# Why the Policy Engine has to be a pure function

*Spend authorization that an LLM made is fundamentally unauditable. We trace the same input twice and get different decisions. Pure-function policy is the only path to a decision auditor can sign off on.*

Published 2026-04-18 · 6 min read · policy, architecture

## The temptation to use LLMs for policy

It feels obvious to ask the LLM 'is this spend OK?' alongside 'what should the agent do next?'. They're both judgment calls. The LLM is right there.

And the LLM will reliably say yes or no — until two months later, an audit asks why the agent approved a $200 spend on a Tuesday. We can't replay the decision: same prompt, different output, different reasoning trace.

## Pure-function policy: the rule

Mission Control's Policy Engine takes a typed PolicyDecisionRequest and a typed PolicyEvaluationContext, and returns a typed PolicyDecision.

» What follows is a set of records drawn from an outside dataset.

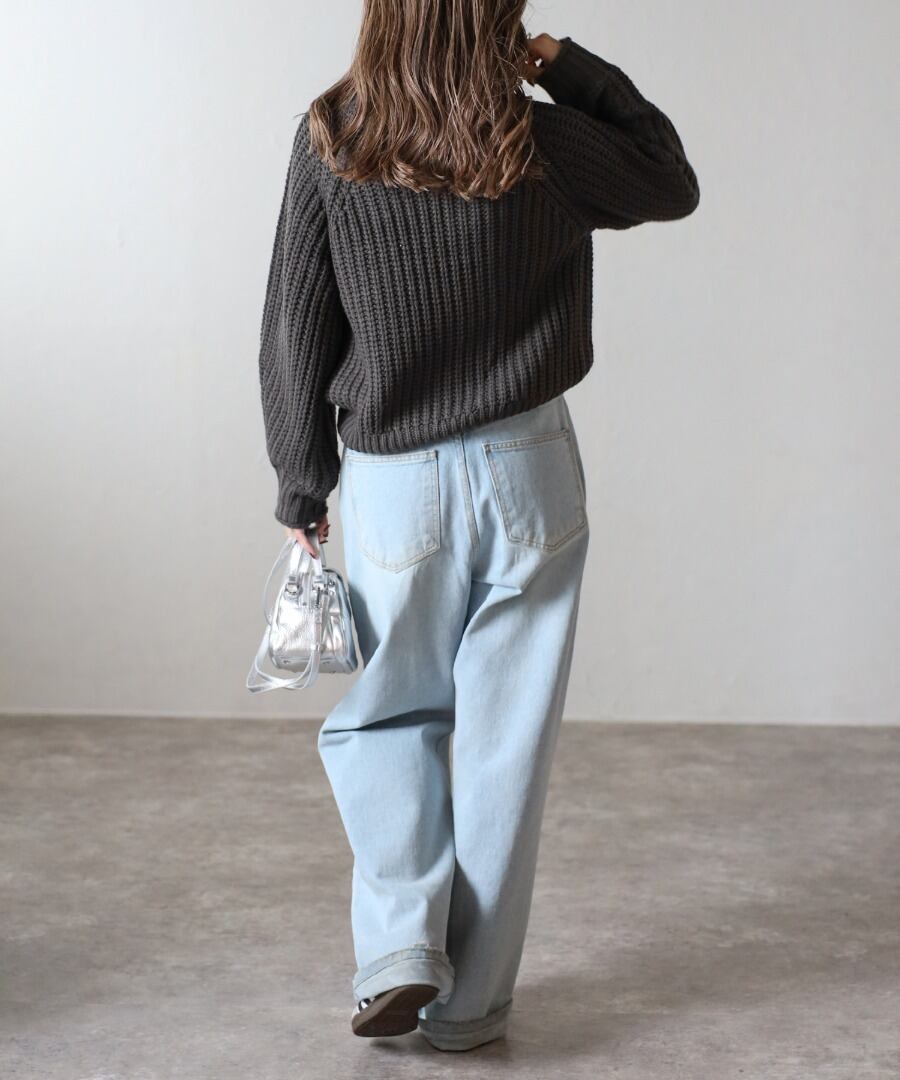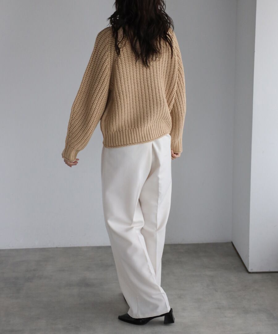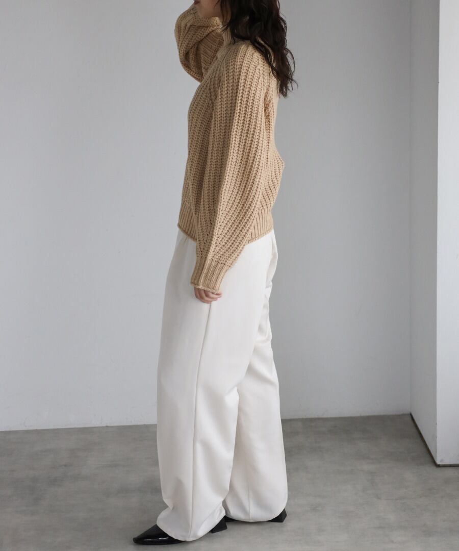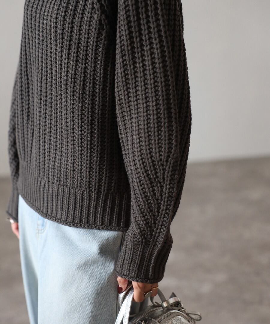 ざっくりとした畔編みが特徴的で、リラックス感と存在感を演出します。
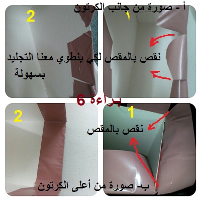 قص جانب الكرتون القص يكون إما مستقيما كما فعلته أنا بالصورة (3) أو ممكن نجعل القص منحني ولكن بشكل مستقيم أسهل وأسرع
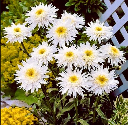 Ромашка Вірлінг Супрем — ефектний сорт із великими махровими суцвіттями, пелюстки яких ніжно закручені, створюючи відчуття легкої хвилястості та пишності. Квітки сяють чистим білим кольором із яскраво-золотою серединкою, що додає їм елегантного контрасту. Кущі міцні, прямостоячі, з темно-зеленим листям, яке підкреслює красу цвітіння. Ця ромашка цвіте рясно й тривало — від початку літа до осені, чудово підходить для садових композицій і зрізки, адже довго зберігає свіжий вигляд у вазі. Невибаглива у догляді, добре росте на сонячних місцях, радуючи ніжною, але водночас урочистою красою.
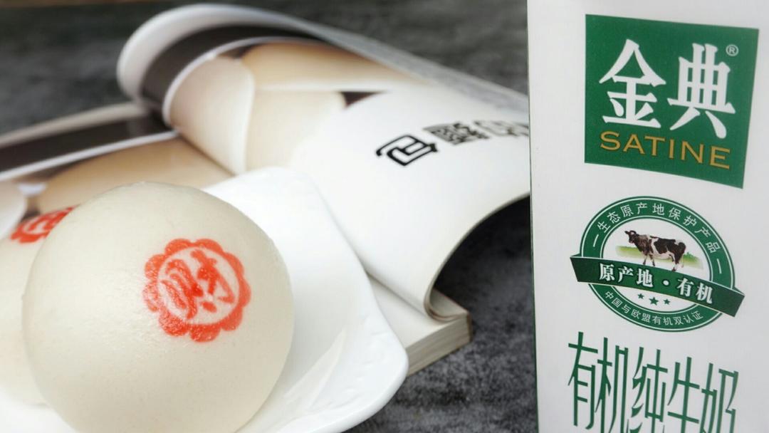 配上一盒伊利金典牛奶
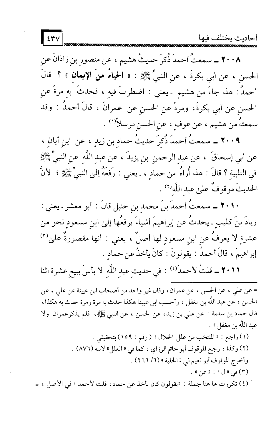 2008 - سَمِعْتُ أَحْمَدَ، ذَكِرَ حَدِيثَ هُشَيْمٍ، عَنْ مَنْصُورِ بْنِ زَاذَانَ، عَنِ الْحَسَنِ، عَنْ أَبِي بَكْرَةَ، عَنِ النَّبِيِّ صَلَّى اللَّهُ عَلَيْهِ وَسَلَّمَ: «الْحَيَاءُ مِنَ الْإِيمَانِ» , قَالَ أَحْمَدُ: هَذَا جَاءَ مِنْ هُشَيْمٍ، يَعْنِي: اضْطَرَبَ فِيهِ، فَحَدَّثَ بِهِ مَرَّةً عَنِ الْحَسَنِ عَنْ أَبِي بَكْرَةَ، وَمَرَّةً عَنِ الْحَسَنِ عَنْ عِمْرَانَ، قَالَ أَحْمَدُ: وَقَدْ سَمِعْتُهُ مِنْ هُشَيْمٍ، عَنْ عَوْفٍ، عَنِ الْحَسَنِ مُرْسَلًا
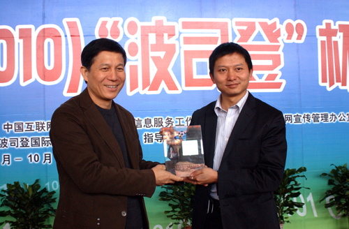 北京市互联网宣传管理办公室常务副主任佟力强为波司登公司代表颁发杰出贡献奖
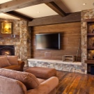 يمكن تزيين جدران غرفة المعيشة في منزل خاص ليس فقط بورق الجدران ، ولكن أيضًا بأغطية من القماش أو الألواح الخشبية. أغطية الجدران منمقة كمواد طبيعية – الطوب أو البناء ، على سبيل المثال ، مناسبة أيضًا. إذا كنت تخطط لتجهيز غرفة المعيشة في سجل أو منزل خشبي ، فيمكن ترك الجدران غير معالجة. يتيح لك مظهر ورائحة جذوع الأشجار الطبيعية الجميلة خلق الجو المناسب. لذلك يمكن تزيين الجدران بلوحات صغيرة أو ملصقات بدلاً من إخفاء هذا الجمال الطبيعي تحت طبقة من ورق الحائط..
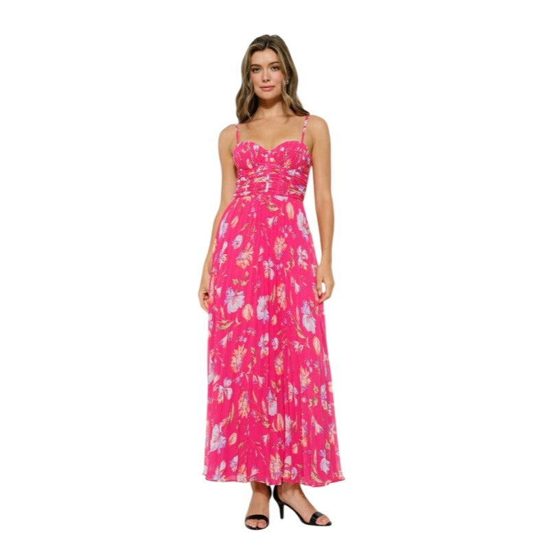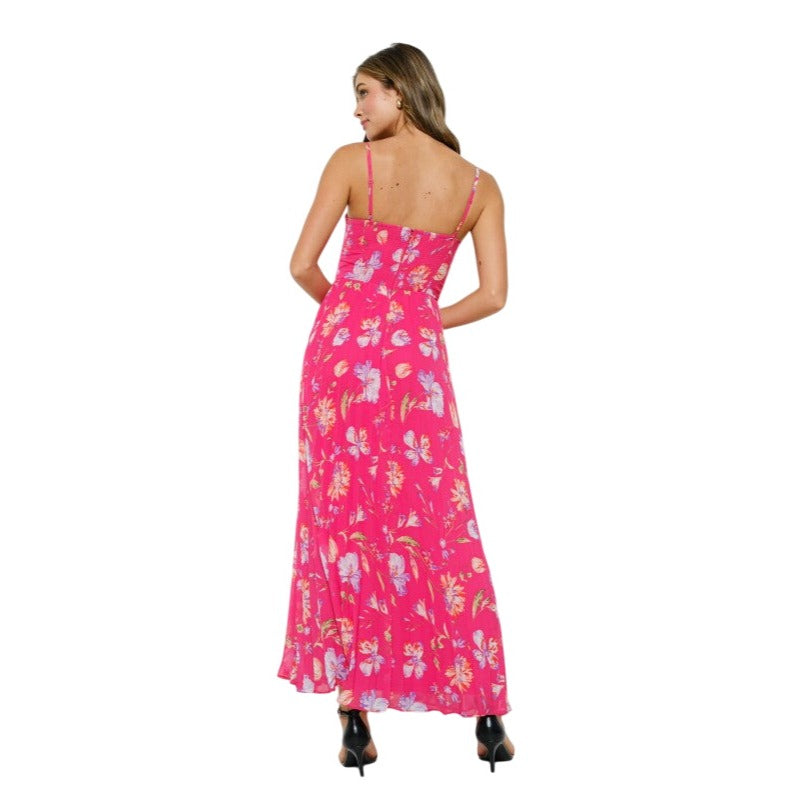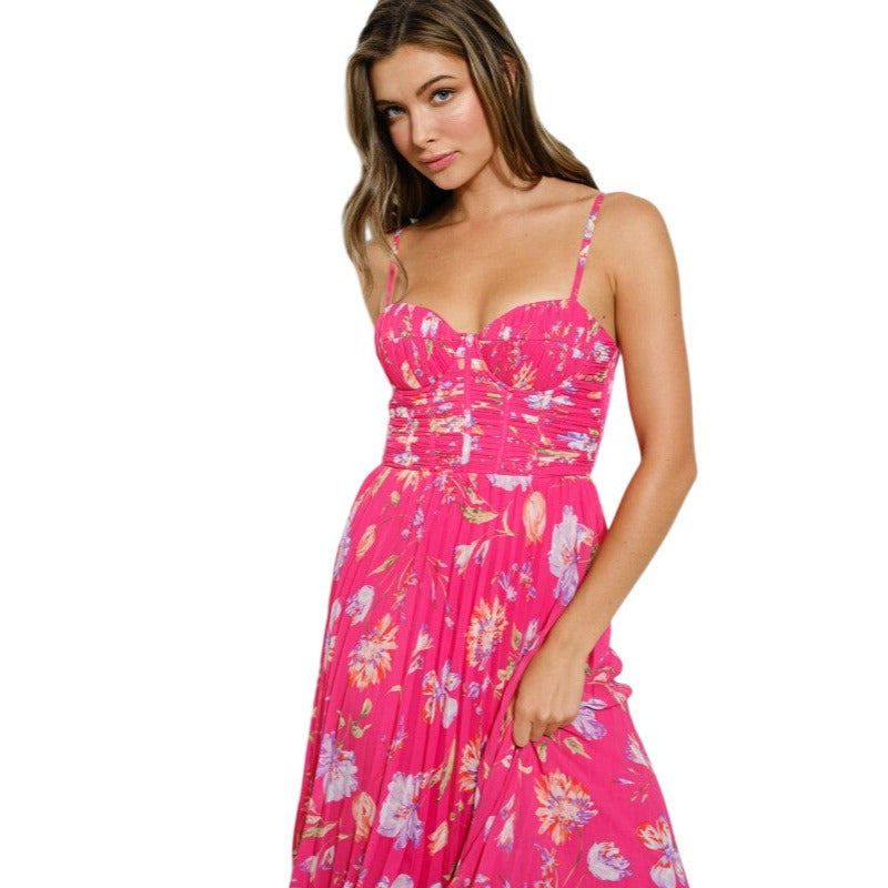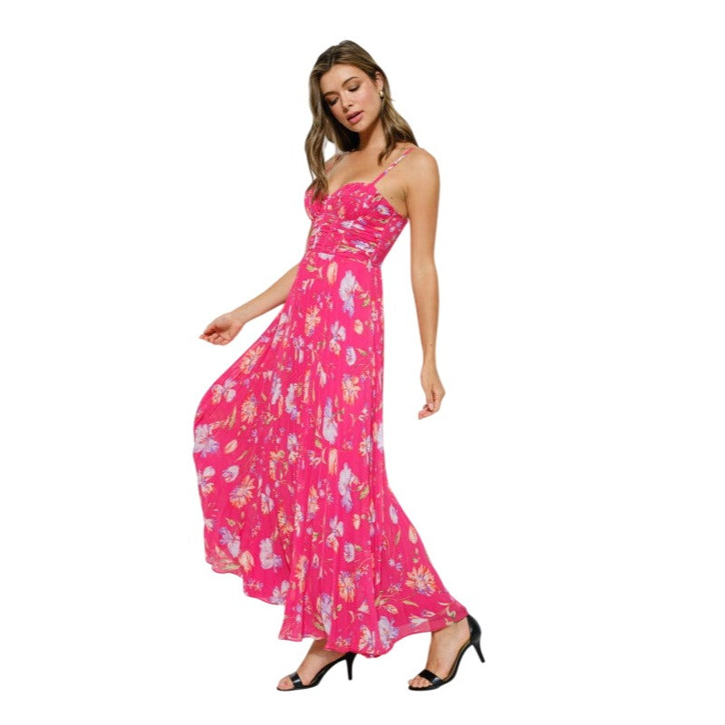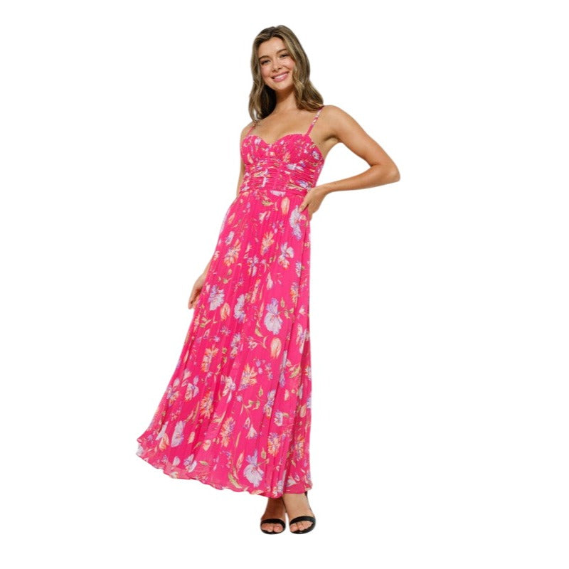 INA Pink Floral Ruched Bustier Pleated Maxi Dress IDM11662-G
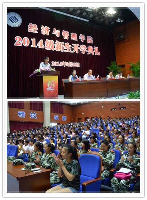 9月28日下午,经管学院在图书馆B106举行2014级新生开学典礼,经管全体本科新生及学院党政班子、系主任、新生班导师和辅导员出席了典礼。
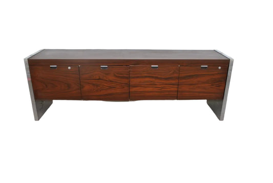 Vintage Mid Century Roger Sprunger for Dunbar 6.5ft Rosewood and Chrome Executive Credenza
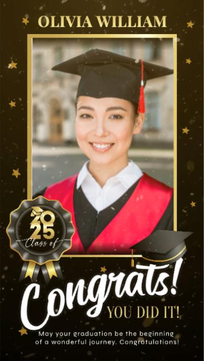 Graduation is not just a ceremony; it marks the beginning of a new stage in life. Quickly use this template to document that energetic and confident version of yourself! A bright future ahead!Don't miss this template in FlexClip!
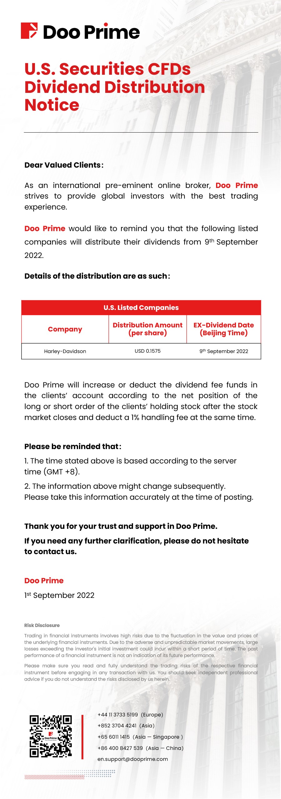 Doo Prime U.S. Securities CFDs Dividend Distribution Notice
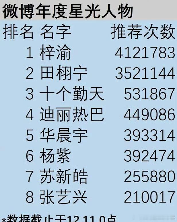 微博之夜星光人物排名,符合你的预期吗?TOP5:梓渝、田栩宁、十个勤天、迪丽热巴、华晨宇微博之夜
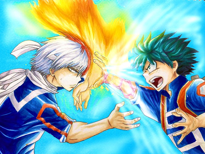 体育祭の騎馬戦 炎はコピックやけど、背景初めてデジタルでしてみた。 スマホ&指で塗ったから適当やけどやっぱ背景欲しいので、スタイラスペン買おうかな( ・∇・) #ヒロアカ #緑谷出久 #轟焦凍 #コピック #アナログイラスト #イラスト練習中
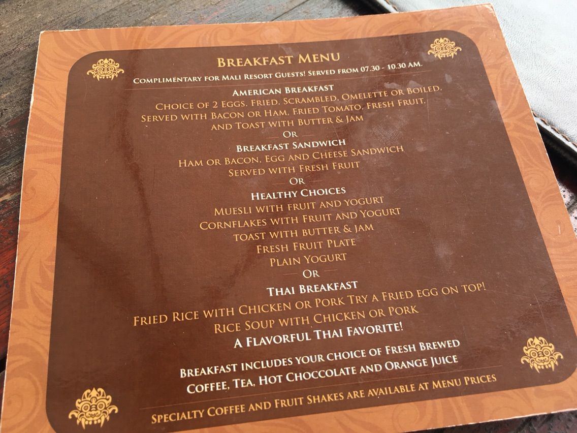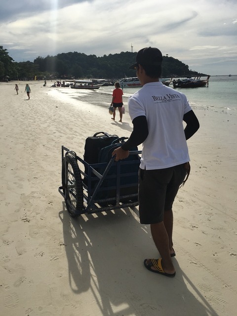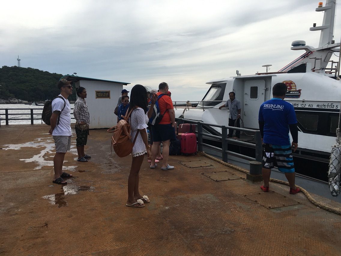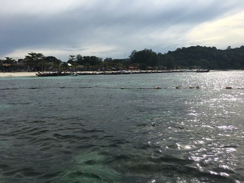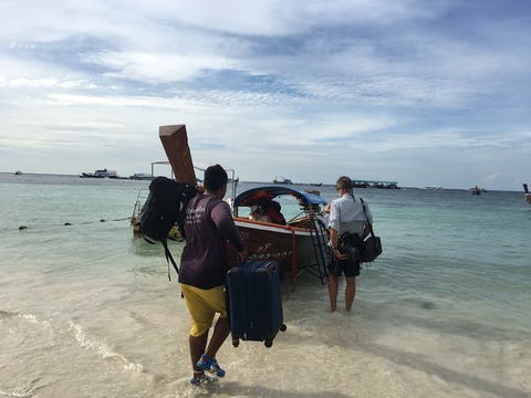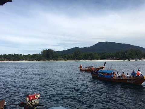 2018年01月31日 タイ最後の楽園リペ島⑫リペ島5日目バンコクに移動 リペ島5日目、9時半のフェリーで帰ります。 ホテルで朝ご飯。 マリリゾートの朝食メニュー 2日目はタイブレックファーストにしました。 朝まで潮が引いてて船がホテルの前まで来れないというので、ウォーキングストリートの入り口辺りまで歩いて行きます。 荷物はこんな風にホテルの人が運んでくれます。 ここから小舟に乗り、 リペ島ともお別れ・・ エメラルドグリーン! 小さな赤ちゃん含め3人の子供を連れてたのはスウェーデンの家族で、スウェーデンでは子供手当みたいなのが手厚く、子供が多くてもこうして旅行できる、みたいな話をしていました。 沖に浮いている船着場に到着 ここからフェリーに乗ります。 バクバラの港に着きました。こんな南部の風景。 今回バンとフェリーチケットを手配した ripeフェリーのオフェスは港の前にあります。この会社もとても良い対応でした。 ここからまた恐怖のスピード全開1時間半のバンでハジャイ空港まで・・
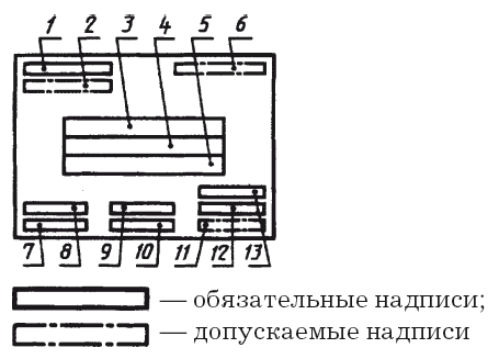 1 – манипуляционные знаки (предупредительные надписи); 2 – допускаемые предупредительные надписи; 3 — количество мест в партии, порядковый номер внутри партии; 4 – наименование грузополучателя и пункта назначения; 5 – наименование пункта перегрузки; 6 – надписи транспортных организаций; 7 – объем грузового места*; 8 — габаритные размеры грузового места; 9 – масса брутто; 10 – масса нетто; 11 — страна-изготовитель и (или) поставщик; 12 – наименование пункта отправления; 13 – наименование грузоотправителя
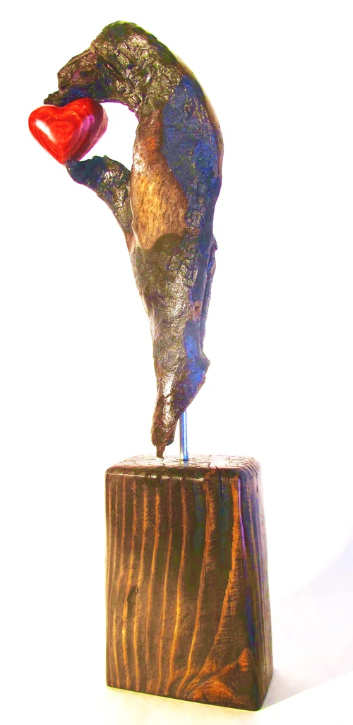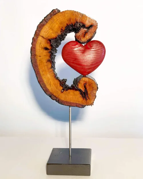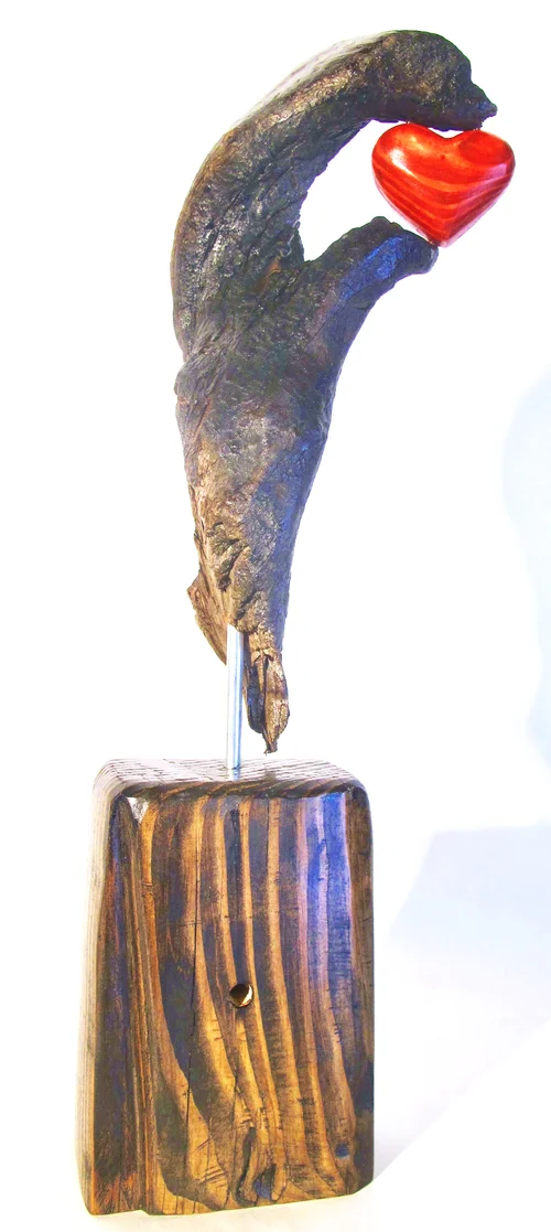 Evidence shows that the Antarctic ice sheets are becoming increasingly unstable, and that the Greenland ice sheets could collapse entirely if global temperatures rise by 1.5C - which could happen as soon as 2030 if current trends persist. With this in mind I produced this piece from wood that I salvaged from the Californian wildfires - another direct affect of climate change. The piece has been sculpted to balance precariously, a narrative that is a literal representation of life as we know it. The heart on top also balances as if it can fall at any moment. The heart that represents our love for life also represents the knowledge we hold for what we need to do to reverse these changes. The materials used are all salvaged from the locality of Californian burn areas and near my studio in North Wales.

No I/O. No async. No LLM. Same inputs always return the same output.

That's testable: every decision branch has a unit test. That's hashable: the decision goes into the audit ledger as a fixed-shape event. That's auditable: a SOC 2 reviewer can read evaluatePolicy() and reason about every possible decision in finite time.

## What you give up

You give up nuance. The Policy Engine can't say 'this spend looks weird, ask the human'. It can say 'this spend triggers an approval rule, ask the human' — but the rule has to be configured up front. There's no in-context judgment.

That's the right trade. Nuance lives in the approval queue. The deterministic rule decides yes/no/escalate; the human resolves the escalations. The audit trail records both layers.